Category Archives: tools

Unaligned memory access fault on Cortex-M3

AKA A surprising thing that happened to me while porting Contiki to the STM32F1.
AKA Some steps to take when diagnosing an unexpected hard fault on ARM Cortex M3

I already have a STM32L1 port working (for the basic uses of Contiki) and the major difference with this port is that it should support pretty much any target that libopencm3 supports. So I made a new platform and tweaked the GPIO settings for the STM32F1, and flashed it to my STM32VL Discovery board, and…. it started, but then it crashed.

Program received signal SIGINT, Interrupt.
blocking_handler () at ../../cm3/vector.c:86
86	{
(gdb) bt
#0  blocking_handler () at ../../cm3/vector.c:86
#2  update_time () at contiki/core/sys/etimer.c:72

Now, I don’t see unhandled exceptions much these days. I consulted the Configurable Fault Status Register (CFSR) at 0xE000ED28 and compared that to the definitions in ARM’s “Cortex M3 Devices Generic User Guide” (link will google search to the current location of that doc)

(gdb) x /wx 0xE000ED28
0xe000ed28:	0x01000000

Ok, some bit in the top 16bits. That’s the Usage Fault Status Register(UFSR). Let’s look at it a little closer because I can’t count hex digits in my head as well as some people.

(gdb) x /hx 0xE000ED2a
0xe000ed2a:	0x0100

Ok. That bit means, Unaligned access UsageFault. Awesome. One of the big selling points of ARM Cortex-M is that it doesn’t care about alignment. It all “just works”. Well, except for this footnote: "Unaligned LDM, STM, LDRD, and STRD instructions always fault irrespective of the setting of UNALIGN_TRP" Ok, so let’s see what caused that. GDB “up” two times to get to the stack frame before the signal handler. x /i $pc is some magic to decode the memory at the address pointed to by $pc.

(gdb) up
(gdb) up
#2  update_time () at contiki/core/sys/etimer.c:72
72	      if(t->timer.start + t->timer.interval - now < tdist) {
(gdb) x /i $pc
=> 0x80005c6 :	ldmia.w	r3, {r1, r4}
(gdb) info reg
r0             0x7d2	2002
r1             0x393821d9	959979993
r2             0x39381a07	959977991
r3             0x29d0fb29	701561641
r4             0x20000dc4	536874436
r5             0x2000004c	536870988
r6             0x0	0
r7             0x14	20
r8             0x20001f74	536878964
r9             0x20000270	536871536
r10            0x800c004	134266884
r11            0xced318f5	-825026315
r12            0x0	0
sp             0x20001fb8	0x20001fb8
lr             0x80005b9	134219193
pc             0x80005c6	0x80005c6 
xpsr           0x21000000	553648128

Check it out. There’s an ldm instruction. And r3 is clearly not aligned. (It doesn’t even look like a valid pointer to SRAM, but we’ll ignore that for now) Ok, so we got an unaligned access, and we know where. But what the hell?! Let’s look at the C code again. That t->timer is all struct stuff. Perhaps there’s some packed uint8_ts or something, maybe some “optimizations” for 8bit micros. Following the chain, struct etimer contains a struct process, which contains a struct pt which contains a lc_t. And only the lc_t. Which is an unsigned short. I guess there’s some delicious C rules here about promotion and types and packing. There’s always a rule.

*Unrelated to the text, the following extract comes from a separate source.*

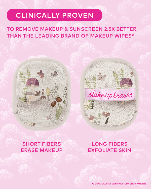 Erase all makeup with JUST WATER™ including waterproof. Our patented, water-activated, cloud-soft fibers gently & easily remove all makeup & sunscreen from pores. 2 in 1 benefit: one side erases makeup & one side exfoliates skin.

Changing the type of lc_t to an unsigned int, instead of a short and rebuilding stops it from crashing. Excellent. Not. It does make the code a little bigger though.

karlp@tera:~/src/kcontiki (master *+)$ cat karl-size-short 
   text	   data	    bss	    dec	    hex	filename
  51196	   2836	   3952	  57984	   e280	foo.stm32vldiscovery
karlp@tera:~/src/kcontiki (master *+)$ cat karl-size-uint 
   text	   data	    bss	    dec	    hex	filename
  51196	   2916	   3952	  58064	   e2d0	foo.stm32vldiscovery
karlp@tera:~/src/kcontiki (master *+)$

I’m not the first to hit this, but it certainly doesn’t seem to be very common. Apparently you should be able to use -mnounaligned-access with gcc to force it to do everything bytewise, but that’s a pretty crap option, and it doesn’t seem to work for me anyway. Some people feel this is a gcc bug, some people feel it’s “undefined behaviour”. I say it’s “unexpected behaviour” :) In this particular case, there’s no casting of pointers, and use (or lack thereof) of any sort of “packed” attributes on any of the structs, so I’d lean towards saying this is a compiler problem, but, as they say, it’s almost never a compiler problem :)

Here are some links to other discussion about this. (complete with “MORON! COMPILERS ARE NEVER WRONG” type of helpful commentary :)

I’m still not entirely sure of the best way of proceeding from here. I’m currently using GCC version arm-none-eabi-gcc (GNU Tools for ARM Embedded Processors) 4.7.3 20121207 (release) [ARM/embedded-4_7-branch revision 194305], and I should probably try the 4.7-2013-q1-update release, but if this is deemed to be “user error” then it’s trying to work out other ways of modifying the code to stay small for everyone where possible, but still work for everyone.

Not entirely what I’d planned on doing this evening, but someone enlightening at least.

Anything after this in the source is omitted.